## Instructions for the task
The output consists only of the lines from the one with "リンゴもバラ科ですから、よく" through the end of the records, each printed exactly, and contains no pictures.
===== Records to process =====
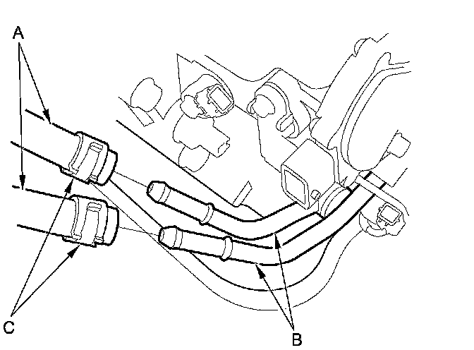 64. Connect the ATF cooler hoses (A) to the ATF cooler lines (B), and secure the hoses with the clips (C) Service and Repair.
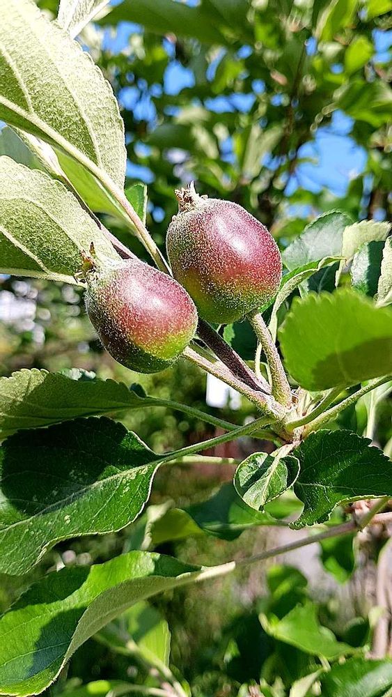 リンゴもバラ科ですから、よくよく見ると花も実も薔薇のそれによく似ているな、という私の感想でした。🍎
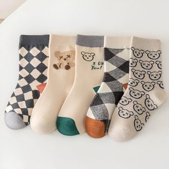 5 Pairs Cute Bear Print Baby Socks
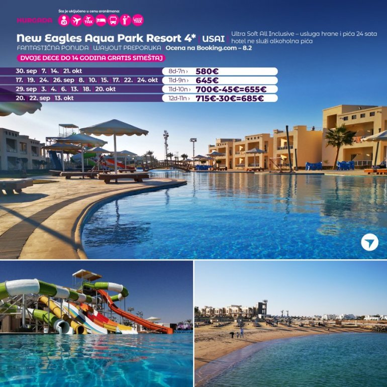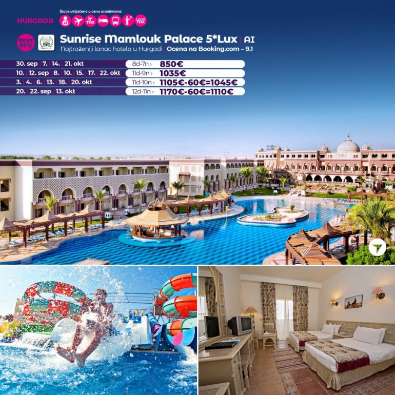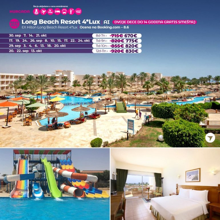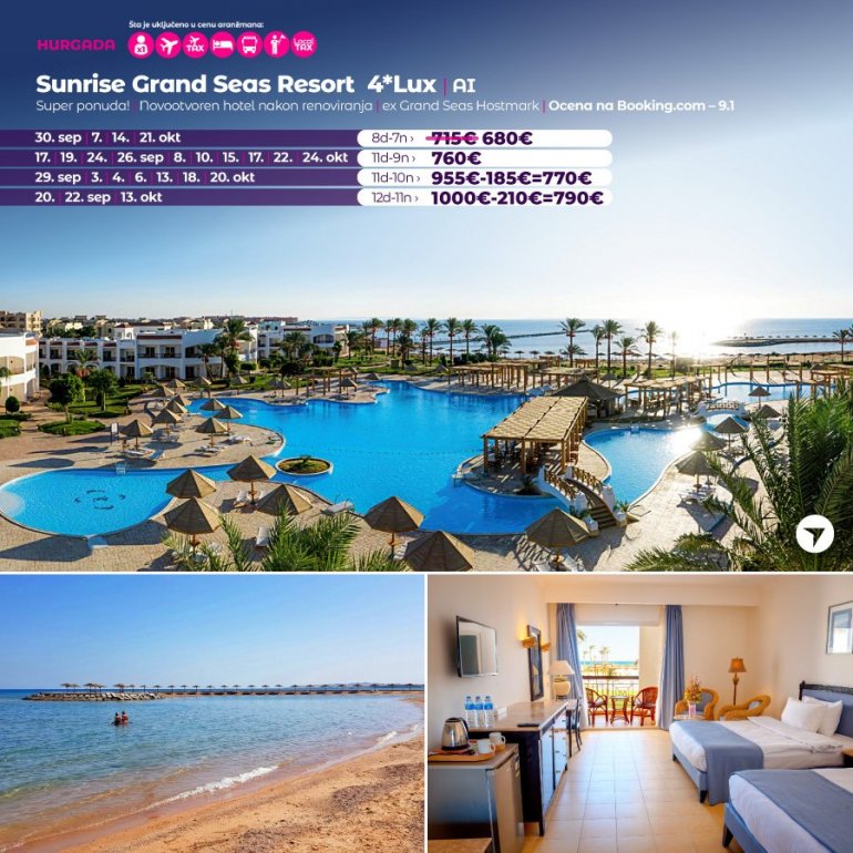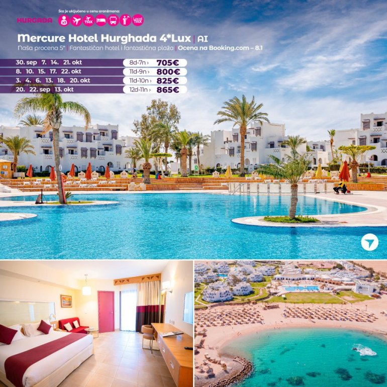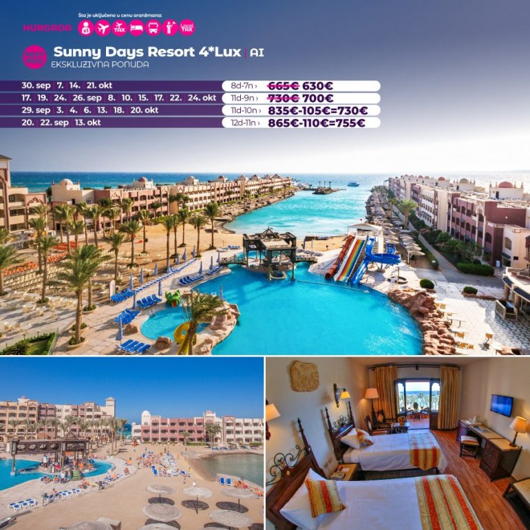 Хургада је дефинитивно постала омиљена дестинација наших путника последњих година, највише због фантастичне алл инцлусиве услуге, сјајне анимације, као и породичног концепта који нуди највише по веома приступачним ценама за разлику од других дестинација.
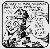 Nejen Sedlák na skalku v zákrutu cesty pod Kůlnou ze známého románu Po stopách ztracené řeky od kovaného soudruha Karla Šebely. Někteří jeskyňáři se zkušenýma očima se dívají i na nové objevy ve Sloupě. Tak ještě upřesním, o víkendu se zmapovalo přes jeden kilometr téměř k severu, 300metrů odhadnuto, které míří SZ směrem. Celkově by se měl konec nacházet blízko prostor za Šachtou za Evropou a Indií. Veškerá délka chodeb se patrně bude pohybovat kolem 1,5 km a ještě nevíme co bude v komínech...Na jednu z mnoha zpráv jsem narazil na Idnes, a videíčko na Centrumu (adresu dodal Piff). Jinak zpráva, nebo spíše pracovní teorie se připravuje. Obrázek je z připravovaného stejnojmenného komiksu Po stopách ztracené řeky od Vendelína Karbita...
=====
## Task answer
 リンゴもバラ科ですから、よくよく見ると花も実も薔薇のそれによく似ているな、という私の感想でした。🍎
 5 Pairs Cute Bear Print Baby Socks
 Хургада је дефинитивно постала омиљена дестинација наших путника последњих година, највише због фантастичне алл инцлусиве услуге, сјајне анимације, као и породичног концепта који нуди највише по веома приступачним ценама за разлику од других дестинација.
 Nejen Sedlák na skalku v zákrutu cesty pod Kůlnou ze známého románu Po stopách ztracené řeky od kovaného soudruha Karla Šebely. Někteří jeskyňáři se zkušenýma očima se dívají i na nové objevy ve Sloupě. Tak ještě upřesním, o víkendu se zmapovalo přes jeden kilometr téměř k severu, 300metrů odhadnuto, které míří SZ směrem. Celkově by se měl konec nacházet blízko prostor za Šachtou za Evropou a Indií. Veškerá délka chodeb se patrně bude pohybovat kolem 1,5 km a ještě nevíme co bude v komínech...Na jednu z mnoha zpráv jsem narazil na Idnes, a videíčko na Centrumu (adresu dodal Piff). Jinak zpráva, nebo spíše pracovní teorie se připravuje. Obrázek je z připravovaného stejnojmenného komiksu Po stopách ztracené řeky od Vendelína Karbita...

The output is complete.